No it's not. There are tradeoffs, definitely, and one of them is visible in the article: at the moment doing lifetimes and async is hard. But you don't have to do it, most of the time you use `Arc` or `Arc<Mutex>` and call it a day. In async web frameworks you very rarely need explicit lifetimes, because the workload is mostly isolated - a handler gets an input from the request, you compute the output, you return it. Any shared state is typically behind a shared pointer (like `Arc`).
I feel like this article is written from a perspective of a library author that always starts with going for zero allocations generic API. In production apps you very rarely do that, usually it's plenty fast anyway.
If you default to Arc everywhere, aren’t you essentially just implementing a slow GC?
This type of thing comes up of often when people try the language. They re-implement some part of a program, originally written in a fast GC language, and then wonder why it’s slower.

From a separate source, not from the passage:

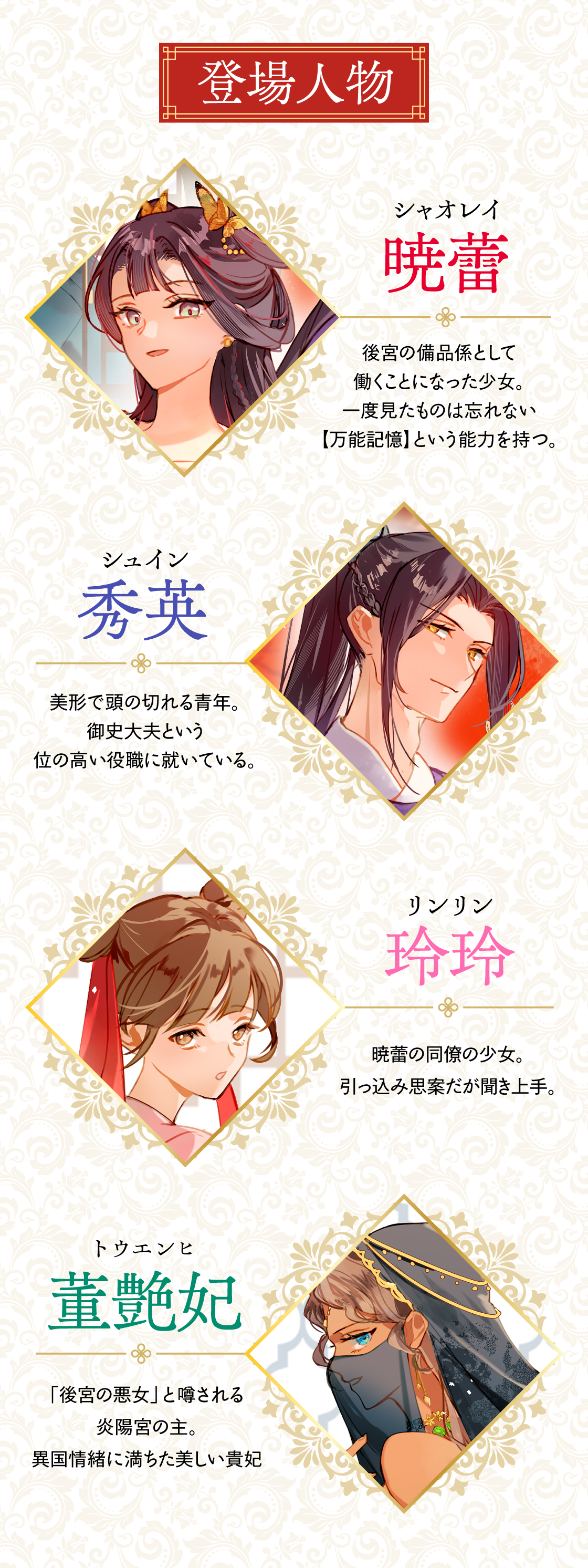 その頭脳で後宮を渦巻く闇に気づき、近づいていく。
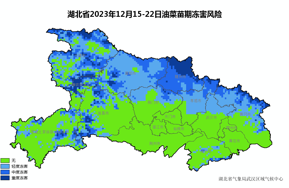 图1 湖北省2023年12月15-22日油菜苗期低温冻害风险

I feel like the power of the language comes through in specific workloads, or when you take the additional time to avoid naive code. That’s why it is so verbose and rich, it gives you more control. And this is something that advocates often clearly state.
As @therockhead replied already: you won't put every single variable behind `Arc`. It will only be for shared state: queues, handlers that you need to move between threads/tasks etc.
> In async web frameworks you very rarely need explicit lifetimes, because the workload is mostly isolated - a handler gets an input from the request
Was going to post the same comment. Most of my hobbyist Rust programming has been via the Actix Webframework and I only run into the most trivial of borrow checker issues. I guess my projects are not complex or interesting enough :).
I feel like this article is written from a perspective of a library author that always starts with going for zero allocations generic API. In production apps you very rarely do that, usually it's plenty fast anyway.